Ах, да. Ее фамилия красноречиво свидетельствовала об этом.
– Наверное, здорово удивились, узнав, что у дочери обнаружился такой дар?
– Не особенно. Моя бабушка была… как говорится, вещуньей. Она ослепла вскоре после рождения моей матери, но начала пророчествовать практически сразу. Именно она посоветовала моей матери не слушать никого и выходить за медника, хотя мама была из семьи красильщиков. А когда я родилась, попросила принести меня к ней, провела ладонью над головой и сказала что-то вроде: «Если она захочет что-то сделать, не препятствуйте. Девочка все равно своего добьется, так что лучше ей не перечить».
– И поэтому тебя отпустили учиться на некромантку?
– Отпустили, хотя папа сомневался. Мол, когда увижу своего первого мертвяка, сразу в штаны наложу и пойму, что это не для меня.
– Это вообще не для девушек, если честно, – признал я. – У нас на курсе пять девчонок подали прошение об отчислении и еще двоих выгнали, как не сдавших экзамена. Девушке трудно быть некроманткой.

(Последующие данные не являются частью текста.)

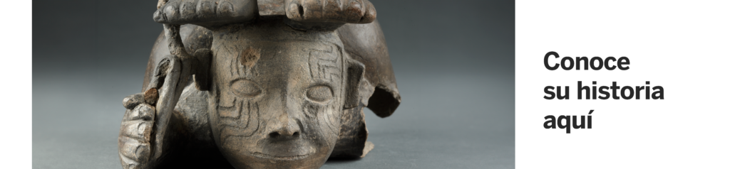 Esta botella de estilo Cupisnique representa a un personaje masculino con el cuerpo contorsionado. Su figura alargada y flexible realiza una posición extrema, con los pies grácilmente apoyados sobre la cabeza mientras el peso de su cuerpo se concentra sobre su pecho y los brazos. La identidad de este personaje es un enigma, sin embargo, los detalles que el artesano plasmó en esta figura de arcilla nos brindan algunas ideas sobre la función que pudo cumplir un individuo con estas características y habilidades hace unos tres mil años.

Это такая ответственность… и никакой личной жизни!
Я вспомнил двух известных мне некроманток – с нашего потока, насколько помню, ни одна девчонка не пошла по некромантской стезе. И не только потому, что было сложно найти работу. Они просто не хотели ее искать. Богна Вжик и Дорис-Марджет Крама. Ни одна не создала своей семьи. Одна погибла молодой, отравленная по чьему-то решению, а другая постепенно спивается. А что ждет Руту? Идеальный вариант – скорое замужество. Может быть, она переквалифицируется в лекаря или даже попробует себя в ветеринарии.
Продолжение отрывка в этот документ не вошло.